Newsweek (2008) stated that Bill Clinton, husband of Hilary Clinton accused the mainstream media of favoring Obama, while Obama’s former pastor, Jeremiah Wright was accused of sabotaging Obama on racial grounds. Adding to this, Nation (2016) reported of the leftist populist campaign tactics of Hilary and Sanders in Iowa State but in the end, we are told that Sanders was able to outdo Hilary. More importantly, Berker

(1998) talked about the 1998 California primary campaign where contestants relegated the economy into the background and traded in personal attacks. In the opinions of New week (2008) and Berker (1998), it was realized that, during primary campaign, people do all manner of things to get nominated. In fact, this is purely politics where contestants are looking for who gets what, when and how.
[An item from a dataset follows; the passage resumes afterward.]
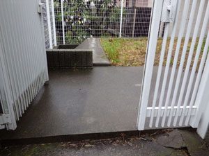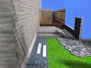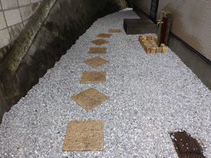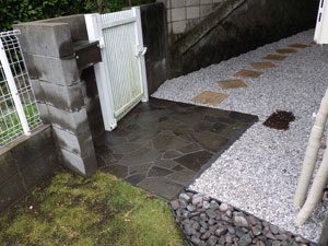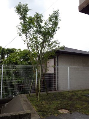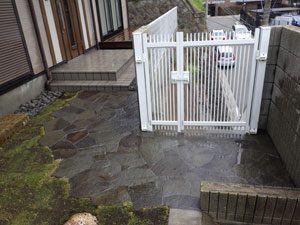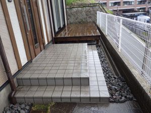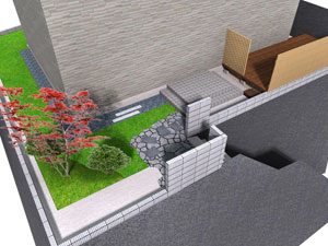 ご希望通りのシンプルな構成で、芝を中心にデッキと鉄平石の石張り、植木はもみじ一本のみでまとめました。これから日本での生活を庭と共に楽しんで頂ける事でしょう。

This current study would draw on the lessons made available. What these studies did not tell us is what the effects of such accusations on the performance of the parties in general elections. It must also be noted that it is not all the time that insulting campaign wins elections.

On this note, we are told of a moderate class teacher who beat all the contestants and emerged victorious out of his modest campaign from a minority ethnic background, his victory was shocking (Vehovek, 1996).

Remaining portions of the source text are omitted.